After the aforementioned closing date, Banco do Brasil (the registrar for the Company's shares) on June 28, 2011 (“Base Date of the Operation”) identified those shareholders entitled to receive the new shares and/or credit resulting from the auction of fractions. As of June 29, 2011 (“Date Ex-Reverse Split and Split”), the Company's shares started being traded without the right to participate in the reverse split and split operation involving the Company's shares.
The shares that resulted from the Operation were credited on July 04, 2011 to shareholders registered as of the Base Date of the Operation.
Blocking instructions issued through June 28, 2011 remained valid until July 01, 2011.
d) Procedures adopted for share fractions.

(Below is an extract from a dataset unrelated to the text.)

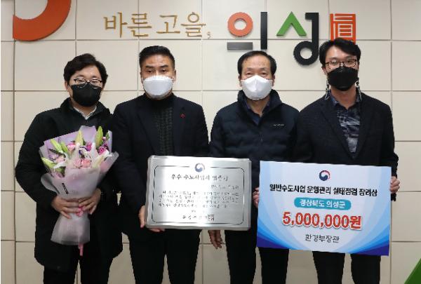 의성군은 2020년 물관리 최우수기관 선정, 2020년 예산 효율화 사례평가 대상 수상에 이어 올해 환경부가 주관한 일반수도사업 운영·관리 실태평가에서도 장려상을 수상하여 500만원의 포상금과 인증패를 받게 되었다.

As stated in the Notices to Shareholders released by the Company on July 21 and August 16, 2011, the fractions of the shares of shareholders who chosen not to adjust their positions were separated, grouped in whole number lots that represented, at the end, a total of 335,220 (three hundred and thirty five thousand, two hundred and twenty) common shares issued by the Company (the “Shares”). The Shares were sold in successive auctions conducted at the B3, with the conclusion as of August 10, 2011, and the corresponding net amounts (in the price of R$ 20.025942200 per common share) obtained were placed, from August 19, 2011 onwards, at the disposal of the entitled shareholders, as follows:
(a) For shareholders with updated records and a checking account identified at a financial institution for receipt of income, the amounts owed were deposited into the current account;
(b) The value corresponding to the shares deposited with the Central Depository of Assets at the B3 was credited directly, and the Central Depository of the B3 was responsible for transferring it to the respective shareholders through their Custodial Agents;
(c) For registered shareholders who had not identified a current account at a financial institution for receipt of income, who had not updated their registration or whose shares are blocked, the amount was retained by the Company. For the release of this amount on their behalf, the shareholder should appear at a branch of Banco do Brasil of his choosing that offers shareholder services, in possession of documents proving ownership and/or release of the shares, as appropriate.
e) Example.
The position of a shareholder who owned 11 (eleven) shares on the Base Date of the Operation underwent reverse split in the proportion of 10:1, the resulting fraction of the reverse split was split and put up for auction and the resulting integer was split and credited to the shareholder. Thus, in this example and assuming no further trading, the shareholder at the end of the Operation had 20 (twenty) shares of the Company and the right to receive the credit arising from the auction of the resulting fraction of the reverse split (02 shares).